**ABOUT THIS TASK:** Restate word for word the section of the entries that opens at the line containing "Dopsleutelset met metrische" and closes at the line containing "Смеющаяся стильная блондинка", both lines kept, pictures dropped.

**DATA LISTING:**
= = = = = = =

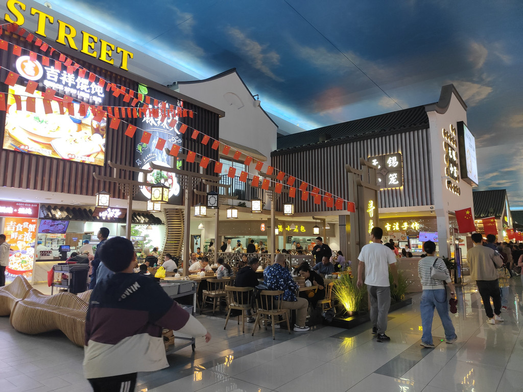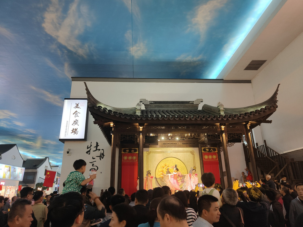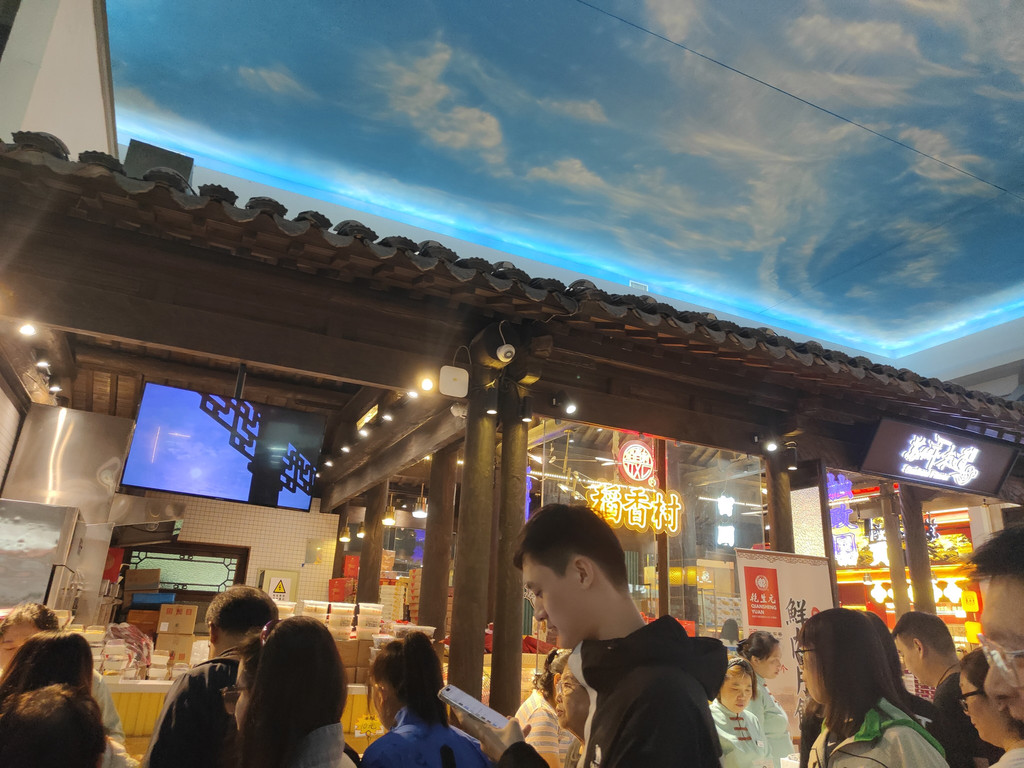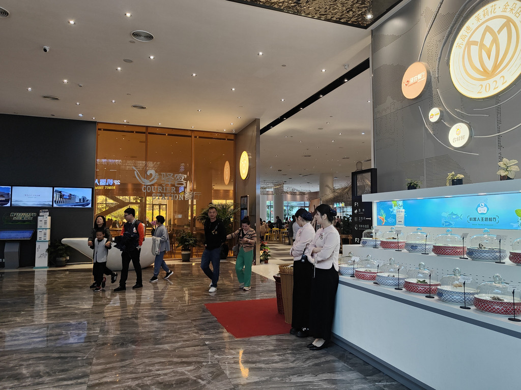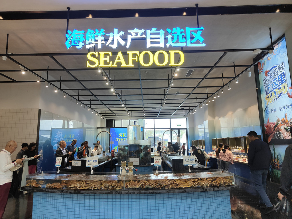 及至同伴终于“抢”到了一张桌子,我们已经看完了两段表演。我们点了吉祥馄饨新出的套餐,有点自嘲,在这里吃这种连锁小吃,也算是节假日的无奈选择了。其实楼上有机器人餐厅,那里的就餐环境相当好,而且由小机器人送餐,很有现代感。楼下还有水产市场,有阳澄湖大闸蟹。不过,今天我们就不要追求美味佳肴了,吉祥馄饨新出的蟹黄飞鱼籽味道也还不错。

= = = = = = =

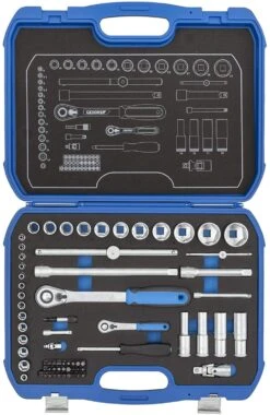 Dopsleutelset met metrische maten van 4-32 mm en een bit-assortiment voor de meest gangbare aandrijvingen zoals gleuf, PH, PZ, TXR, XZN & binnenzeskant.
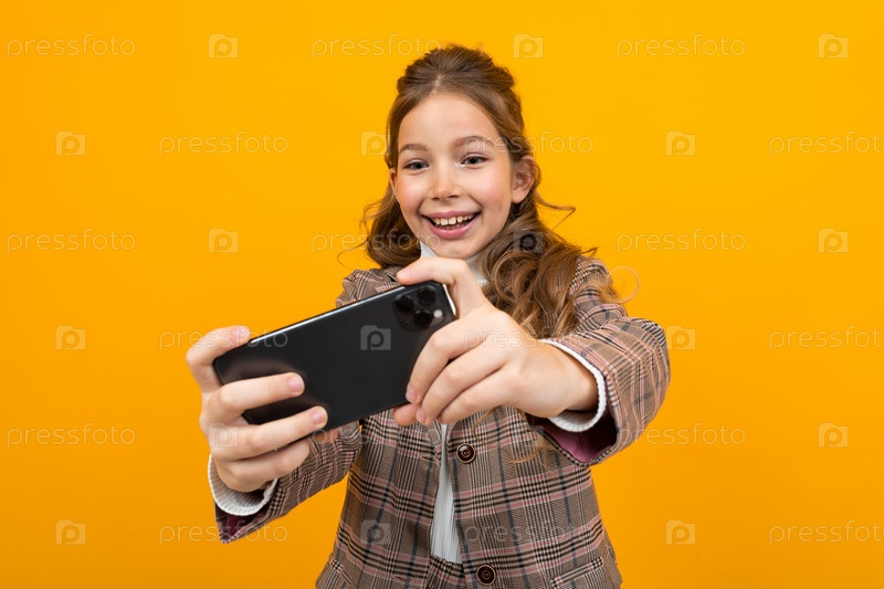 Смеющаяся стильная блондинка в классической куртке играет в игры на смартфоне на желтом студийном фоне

= = = = = = =

**EXERCISE OUTPUT:**
 Dopsleutelset met metrische maten van 4-32 mm en een bit-assortiment voor de meest gangbare aandrijvingen zoals gleuf, PH, PZ, TXR, XZN & binnenzeskant.
 Смеющаяся стильная блондинка в классической куртке играет в игры на смартфоне на желтом студийном фоне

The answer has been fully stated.